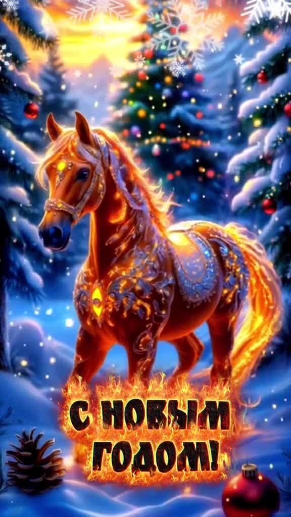 Открытка с Новым годом лошади 2026. Огненная лошадь в зимнем лесу.
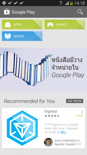 ใครที่ใช้สมาร์ทโฟน และแท็บเล็ต Android อยู่ ก็สามารถลองดาวน์โหลดหนังสือฟรีมาเปิดอ่านกันได้ ทาง Play Store หรือคลิกดาวน์โหลดหนังสือทางเว็บไซต์ https://play.google.com/store/books และหวังว่าบริการอื่นๆที่ยังไม่เปิด อย่าง google music และ Google Movie จะทะยอยเปิดตามมาในเร็วนี้ และแสดงความยินดีสำหรับผู้ใช้แท็บเล็ต Android โดยเฉพาะ Nexus 7 ที่จะได้ใช้ฟีเจอร์อ่านหนังสือได้เต็มประสิทธิภาพซะที
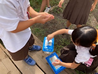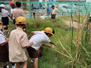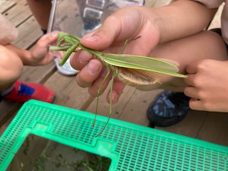 2年生が、ビオトープで大きなカマキリを見つけ、教室で飼っています。お腹に大きなたまごをかかえています。
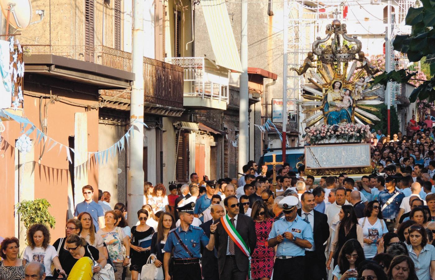 Do skandalu doszło 2 lipca w zaspanej, liczącej 4 tys. dusz, mieścinie Oppido Mamertina. Tradycyjna procesja z figurą Matki Bożej Łaskawej ruszyła w drogę od maryjnego sanktuarium. Na czele szedł proboszcz don Benedetto Rustico, kilku księży i lokalni prominenci: burmistrz Domenico Giannetta z szarfą z włoskiego trójkoloru przecinającą mu pierś, radni, karabinierzy i wszyscy, którzy w Oppido coś znaczą. Za nimi figurę zdobioną złotem i klejnotami niosło 25 tragarzy w nieskazitelnie białych koszulkach.

About this task: Starting with the first line of the material, print each line exactly until you have printed the line with "2年生が、ビオトープで大きな", and skip the pictures.

Response below:
 Открытка с Новым годом лошади 2026. Огненная лошадь в зимнем лесу.
 ใครที่ใช้สมาร์ทโฟน และแท็บเล็ต Android อยู่ ก็สามารถลองดาวน์โหลดหนังสือฟรีมาเปิดอ่านกันได้ ทาง Play Store หรือคลิกดาวน์โหลดหนังสือทางเว็บไซต์ https://play.google.com/store/books และหวังว่าบริการอื่นๆที่ยังไม่เปิด อย่าง google music และ Google Movie จะทะยอยเปิดตามมาในเร็วนี้ และแสดงความยินดีสำหรับผู้ใช้แท็บเล็ต Android โดยเฉพาะ Nexus 7 ที่จะได้ใช้ฟีเจอร์อ่านหนังสือได้เต็มประสิทธิภาพซะที
 2年生が、ビオトープで大きなカマキリを見つけ、教室で飼っています。お腹に大きなたまごをかかえています。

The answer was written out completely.